In test db and in rails code it doesn’t contain id of the current record, only the id of the parent record; id of the current record is pushed to ancestor_place_ids during processing:

 id  |    name    | ancestry 
-----+------------+----------
 297 | California | 17

Should I consider that ancestry field contains only parent ids, without current id?

kueda commented 4 years ago

Weird, that's probably a problem with the fixture, so yes, assume the ancestry field only contains ancestor IDs, not the ID of the record itself.

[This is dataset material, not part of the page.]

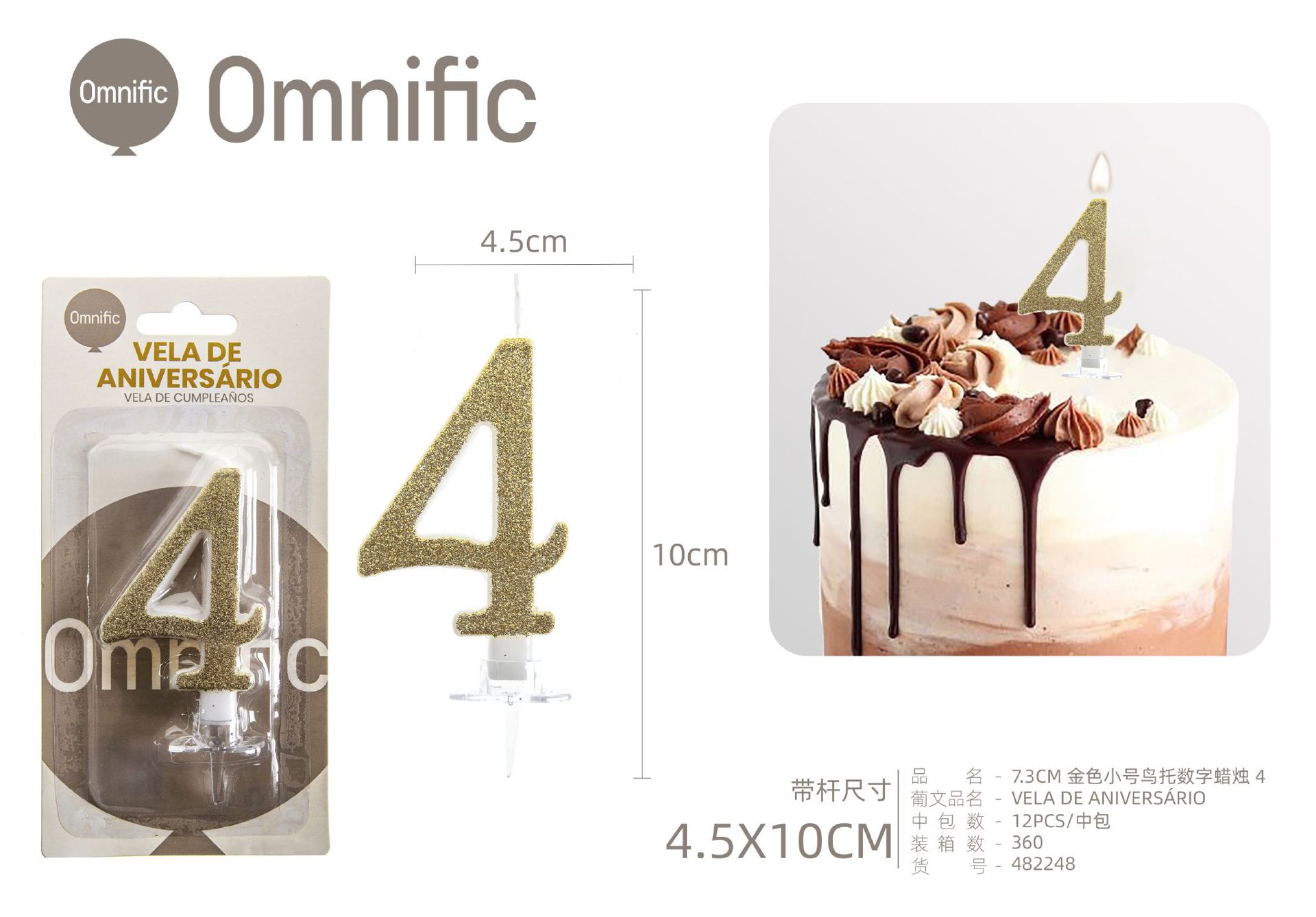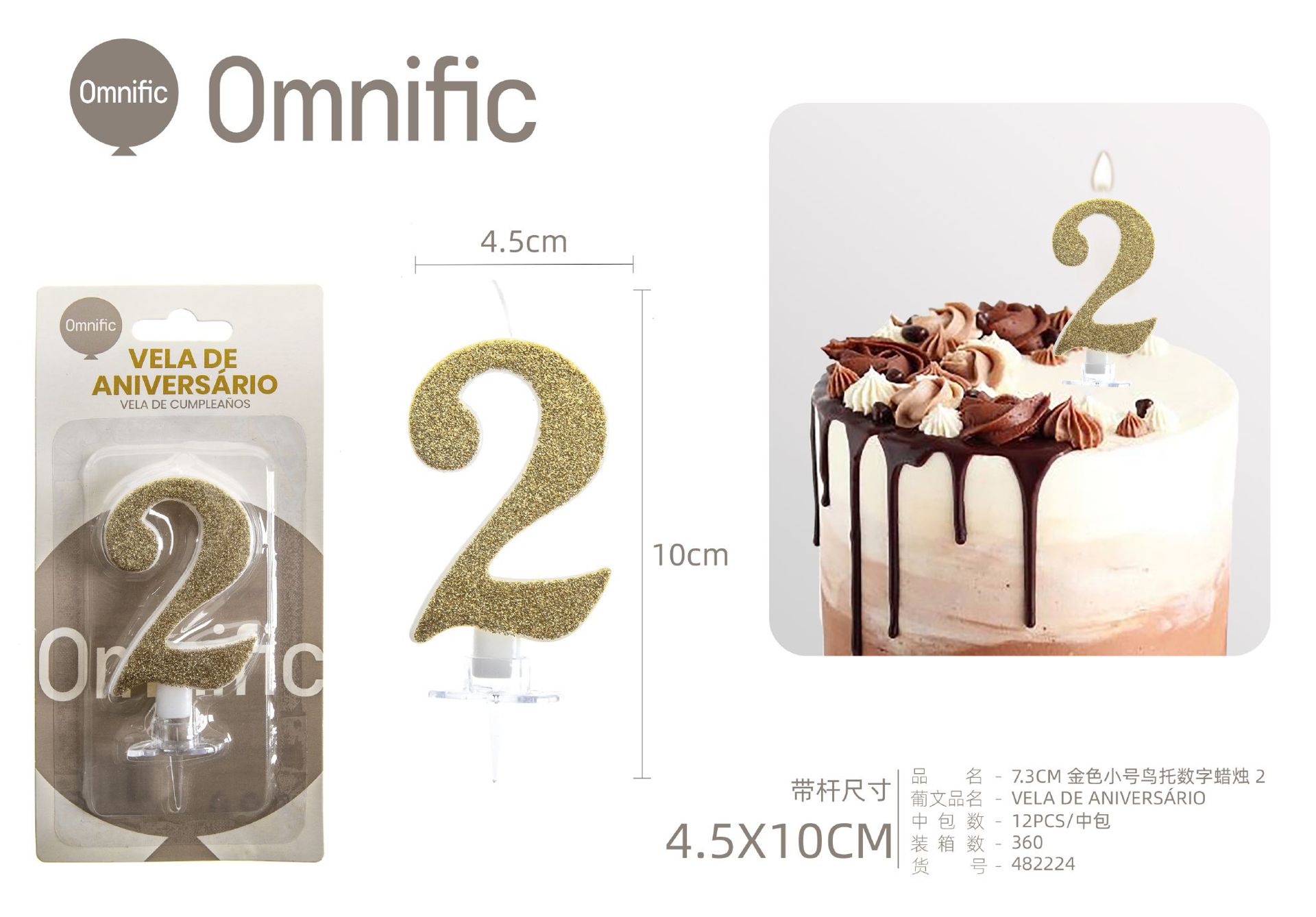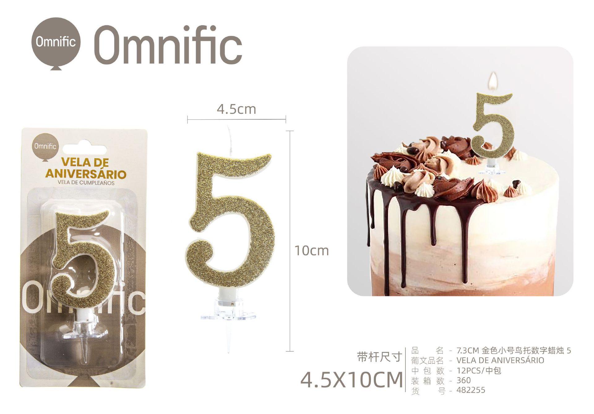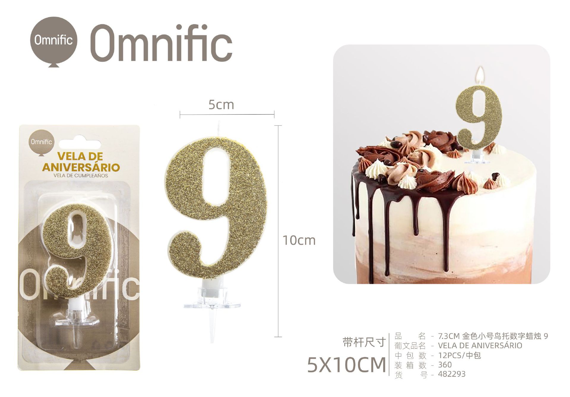 VELA NUMÉRICA DOURADA COM GLITTER 8CM

kueda commented 3 years ago

One unexpected consequence of this that we need to figure out is that due to the fact that we are prioritizing names in a place over names matching a locale without a place, people requesting names in en-HK are getting Chinese names in Hong Kong when an English name exists but lacks a place association. For example, when you request https://api.inaturalist.org/v1/taxa/627207?locale=en-HK, the preferred_common_name is "大頭茶." I'm going to temporarily disable this until we figure that out. IMO, the right solution is to change the way we prioritize the names, but I think that's going to have some other unexpected and maybe more-widespread consequences, which we should probably just deal with... when we have the bandwidth. Alternatively, we could give lower weight to the places we extract from the locale code.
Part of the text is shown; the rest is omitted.